Christina Jackson: Pandemic exposes DC government’s failure to distribute unemployment benefits to people in need
The COVID-19 pandemic caused many DC residents to lose their jobs and erased years of employment progress. In February 2020, just before the pandemic began, the District’s unemployment rate had fallen to a five-year low of 4.9%. Two months later, unemployment more than doubled to 11.1%. Some people who lost their jobs have since found new employment, but not nearly enough have been able to do so. As of September 2021, the unemployment rate was still 6.5%.

Even worse, the District government has failed to ensure that people who lose their jobs receive the unemployment benefits to which they are entitled. These long-standing failures became especially conspicuous when the federal government expanded unemployment benefits during the pandemic.
The pandemic presented a stress test to the District’s unemployment system, and the DC Department of Employment Services (DOES) flunked.

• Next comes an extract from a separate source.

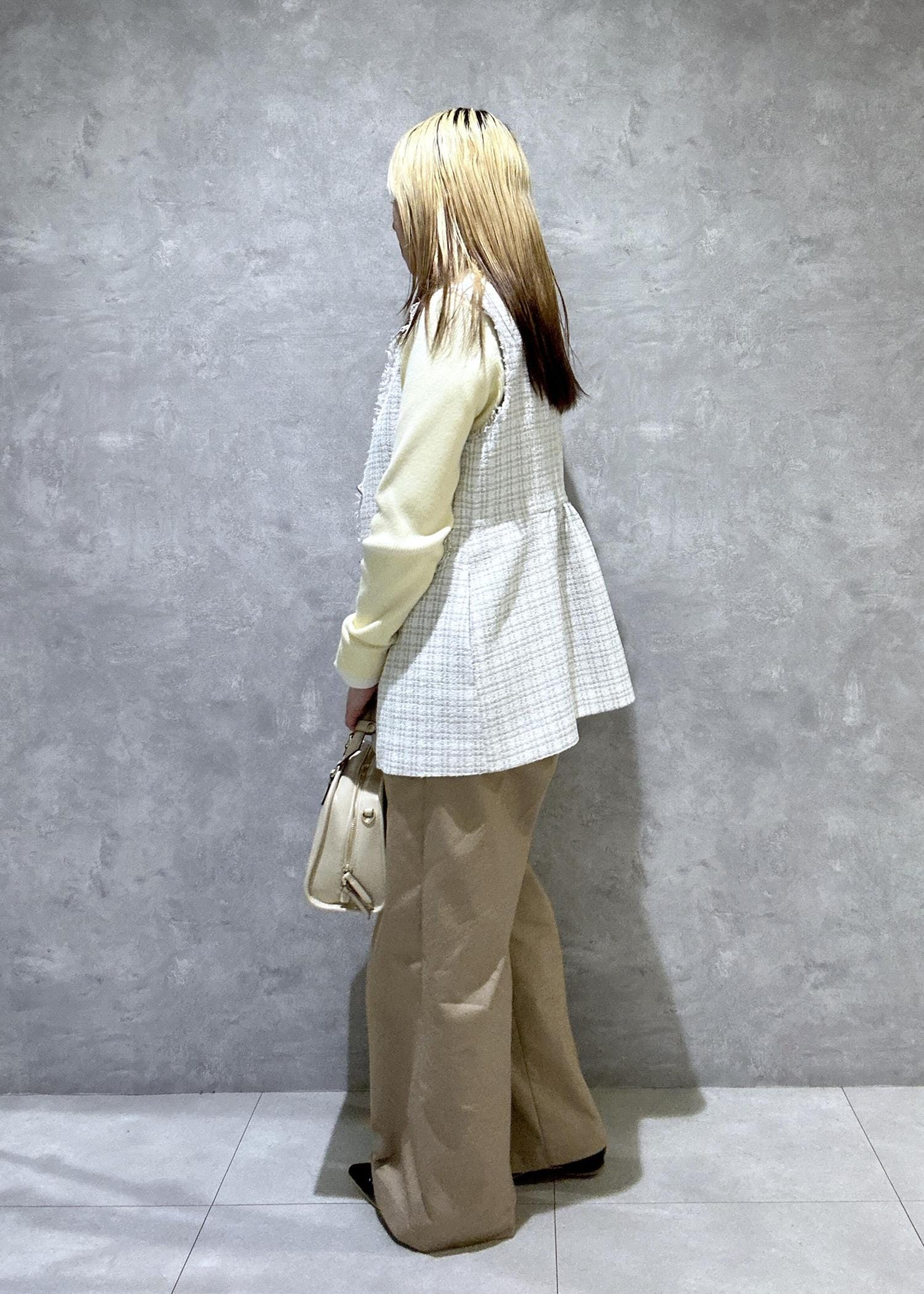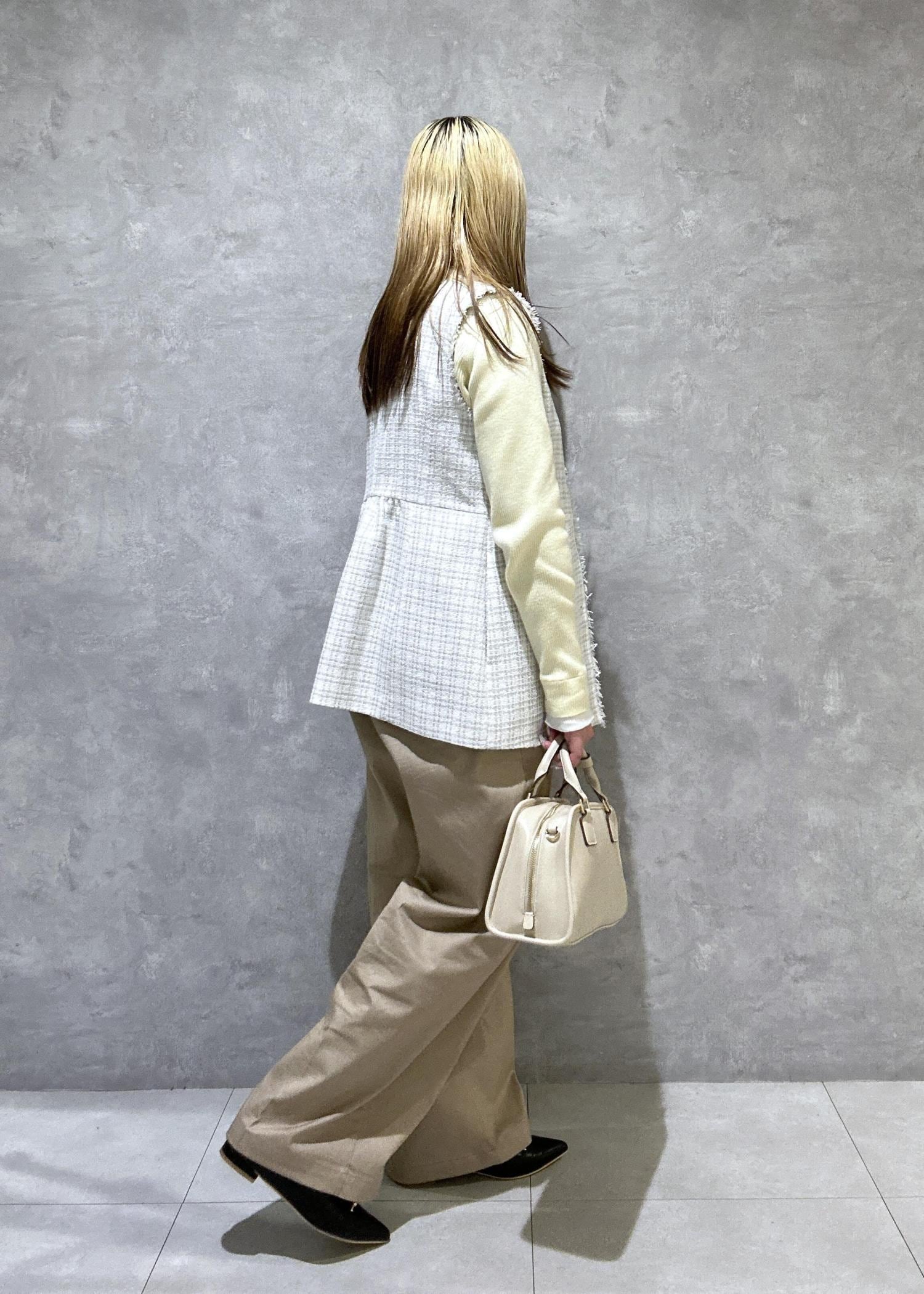 イエロー、ベージュ、ホワイトなど春カラーを使用したきれいめなコーデ。

For many eligible people, the resulting loss of unemployment benefits has been devastating. For claimants who rely on unemployment aid to pay for food, rent and other essentials, not getting it can mean being forced to move elsewhere or going without secure access to food. The effects were especially severe for racial minorities. Today, the expanded unemployment benefits have expired, and the District’s unemployment system remains dire.
In March 2020 and again in March 2021, Congress expanded and enhanced unemployment benefits for people who lost their jobs; the latter bill extended pandemic-related unemployment benefits until Sept. 4, 2021. But these benefits did not claim themselves — getting them meant meeting various requirements, including providing documents and other information, and filing weekly claims on the internet or over the phone. Needlessly complex even under the best of circumstances, the claims process imposed even more hurdles because DOES did not manage this process smoothly or efficiently. As a result, more than 13,000 District residents — or 1 in 5 filers — had not received all the benefits they were due as of May 2021.

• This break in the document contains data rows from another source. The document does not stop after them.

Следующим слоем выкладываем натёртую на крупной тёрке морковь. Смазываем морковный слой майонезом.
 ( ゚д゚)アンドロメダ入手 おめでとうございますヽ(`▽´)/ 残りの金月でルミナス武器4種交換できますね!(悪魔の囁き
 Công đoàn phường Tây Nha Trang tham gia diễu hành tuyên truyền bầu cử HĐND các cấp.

Although the pandemic certainly didn’t help, DOES’s systemic issues predated COVID-19. The department’s online claims portal is outdated and has long suffered from bugs and glitches. Remarkably, in the year 2021 (nearly 15 years after Steve Jobs introduced the original iPhone), the DOES portal works only with desktop computers or laptops — not with smartphones. Even after the federal government provided funds in 2012 to help DOES modernize its claims system, work on the new system did not begin until 2016; the department then missed its 2018 deadline to unveil the new website. Nine years and $9 million later, District residents are still wrestling the old, outdated system for filing claims. Unemployed people who cannot afford a personal computer must instead call DOES and quite possibly spend hours talking to workers who often do not understand the details of the different unemployment programs and who provide information that is inconsistent or incorrect.

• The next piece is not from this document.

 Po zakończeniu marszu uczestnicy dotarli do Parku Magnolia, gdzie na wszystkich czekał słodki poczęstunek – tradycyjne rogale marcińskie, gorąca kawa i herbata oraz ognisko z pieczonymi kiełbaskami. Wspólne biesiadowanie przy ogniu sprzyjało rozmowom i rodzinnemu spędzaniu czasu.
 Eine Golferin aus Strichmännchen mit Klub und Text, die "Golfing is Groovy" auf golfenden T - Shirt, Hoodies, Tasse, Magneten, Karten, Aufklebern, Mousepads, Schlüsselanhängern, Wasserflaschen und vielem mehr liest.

DOES also fails people who do not speak English. People with limited English proficiency often experience long waits on the phone for interpreters and struggle to complete forms that are not printed in their native languages.
These problems worsened during the pandemic. For example, it took DOES more than three weeks to update its systems to reflect the expansion of unemployment benefits. Many eligible District residents received less money each week than they were due. For others, the department took more than six months to distribute Pandemic Unemployment Assistance, which aided workers who were ineligible for regular unemployment insurance.
Yet more problems plagued the city’s distribution of Pandemic Unemployment Emergency Compensation, which provided extended benefits for workers who exhausted their regular unemployment benefits. Beyond the months-long initial delay, some filers waited for weeks or months for DOES to process their benefits claims, only to be told — without any written decision or notice of appeal rights — that they were ineligible and had to apply instead for regular benefits in Maryland or Virginia. Others received money initially but were later told by DOES that their benefits had been provided mistakenly and must be returned.
In response, several public-interest organizations testified at multiple DC Council hearings to highlight both the problems and the need for specific remedies — including expanded language access, better training of DOES employees, specific updates from the department about how its expanded staff would hasten claims processing, and the need for a council-appointed official to oversee the department’s transition to a modern website. In addition, the Office of the Inspector General has begun auditing DOES.
Amid this heightened scrutiny, DOES’s director has minimized or challenged many of the criticisms, pointing instead to the 80% of the benefits that have been processed and predicting that the new online filing system will be ready in another 18 months.
We are far away from solving the District’s unemployment insurance crisis — a crisis that ultimately affects people’s health, safety, and lives. Although advocates have been organizing to promote reforms and the DC Council’s oversight may produce modest improvements, the need for dramatic change remains urgent.
Christina Jackson is the executive director of Washington Council of Lawyers, the public-interest bar association for the District of Columbia.